What it is (and what it is not)
DuitNow–PayNow is an instant-payments corridor used by participating providers in Malaysia and Singapore. It lets you send money using familiar identifiers (mobile numbers or proxies) rather than full account numbers. It is not a guarantee that any two banks you choose will work together—support, caps, and fees are bank-specific.
How the experience typically works
• You initiate a cross-border payment from your home bank or app.
• The app shows the recipient’s name for confirmation if the proxy is valid.
• Transfers often credit within minutes during system hours, but the first few payments may face lower caps or extra checks.
• Receiving banks may hold unusual or large first-time payments for review.
Daily caps and fees (why they vary)
• Caps depend on risk policies: new device, new payee, and recent account age usually trigger lower limits.
• Fees may be a flat amount, a percentage, or zero for promotional periods; FX spreads still apply if conversion occurs.
• Some banks require additional steps to raise caps (e.g., in-app confirmations, cooling-off, or in-person verification).
Timing and reliability
• During normal hours, instant means minutes; around maintenance windows and weekends, expect delays.
• Name mismatches, unusual payment purposes, or rapid device changes can cause manual review.
• For important commitments (rent, deposits), schedule a day early until you know your route’s behavior.
A safe way to start (pilot routine)
Pilot 1: small amount on a weekday afternoon (MY/SG business hours overlap).
Pilot 2: same amount near the edge of system hours to observe timing differences.
Record: sent time, credited time, fees, and the exact SGD received. Keep IDs and references.
Common error patterns and fixes
• “Name does not match”: verify the registered proxy and standardize spelling.
• “Exceeded limit”: raise caps through in-app settings and wait out any cooling-off period.

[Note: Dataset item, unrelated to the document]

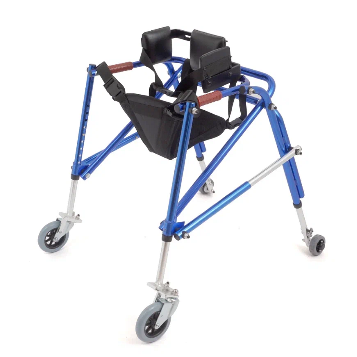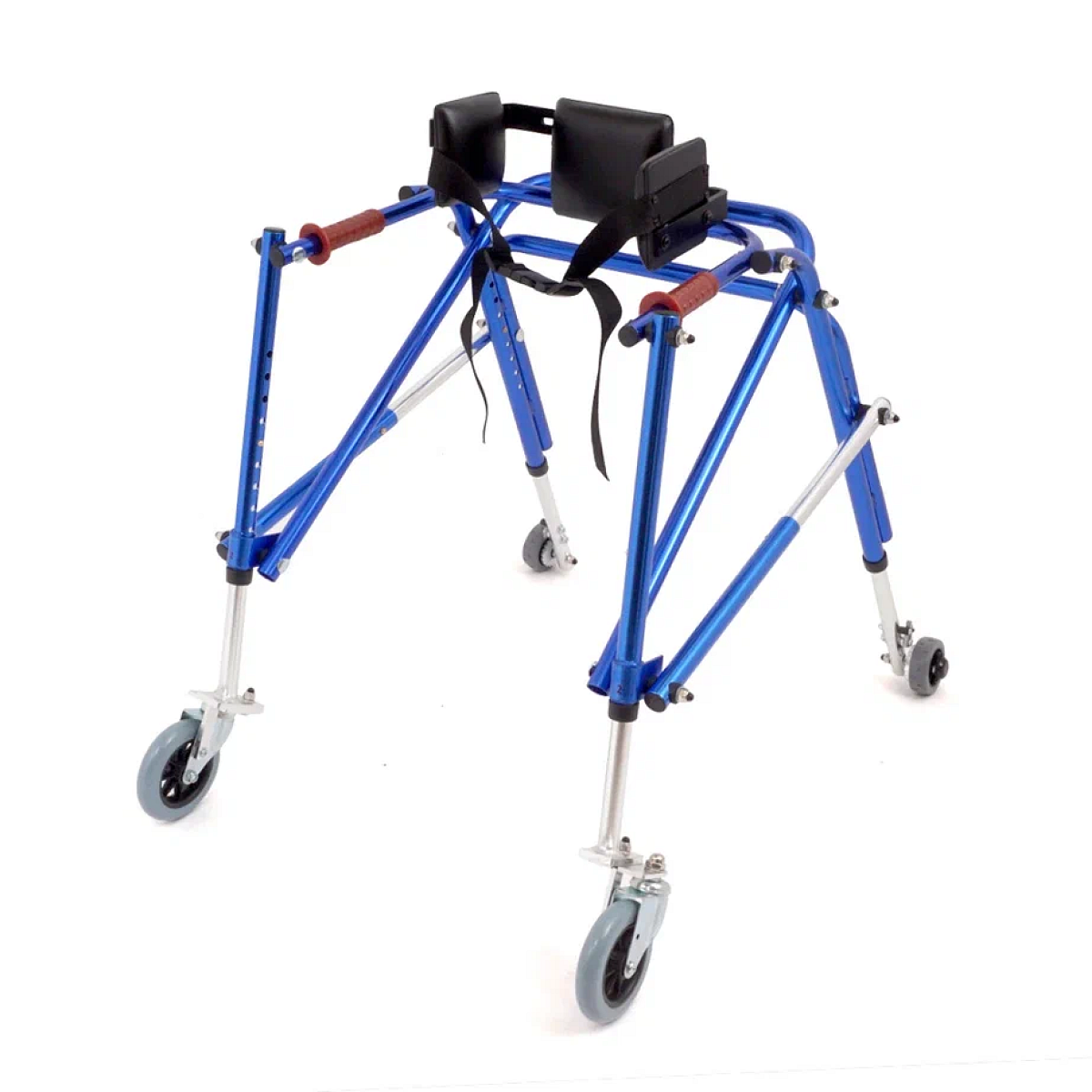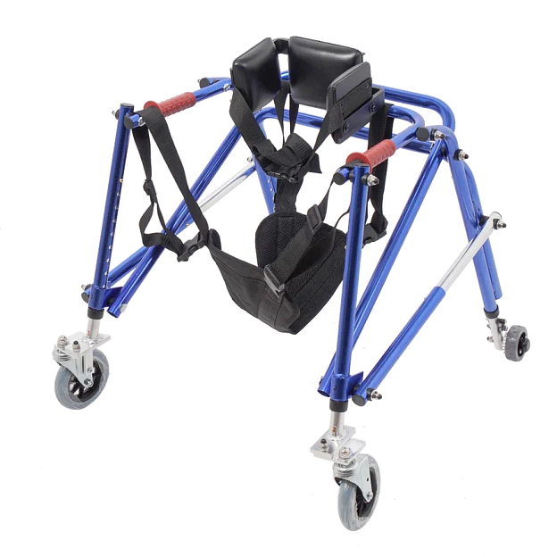 Легкая алюминиевая рама регулируется по высоте, позволяет точно подстроить ходунки под рост ребенка, а складывающийся каркас облегчает хранение и транспортировку. Наличие передних и задних колес делает опоры-ходунки удобными как для использования дома, так и в реабилитационных центрах.

• “Payment pending review”: provide a clear purpose if prompted and avoid repeated retries.
• “Recipient not supported”: confirm both banks participate in the corridor for your payment type.
Security and fraud hygiene
• Confirm the recipient identity in-app; do not rely on screenshots or messages.
• Treat any call asking you to change payee details or install software as a scam.
• Use alerts and keep daily caps conservative; whitelist trusted payees only after two clean transfers.
When not to use instant
• Large first-time transfers that are likely to trigger holds.
• Payments with documentation needs (tuition, property) better handled via bank-to-bank wires with references.
• Situations where you must attach long narratives or invoices—wires and email coordination are simpler.
FAQ
Q: Are instant transfers always cheaper? A: Not necessarily—fees and FX can outweigh speed. Compare all-in cost.
Q: Can I receive to a Malaysian proxy and hold SGD? A: Behavior is bank-specific. Check whether conversion happens automatically and at what rate.
Q: What happens if I typed the wrong proxy? A: If the system validated and you confirmed the name, a recall is not guaranteed. Contact both banks immediately.
Bottom line
Treat instant payments as a convenient tool, not a cure-all. Pilot, log results, and keep caps conservative until you understand your corridor.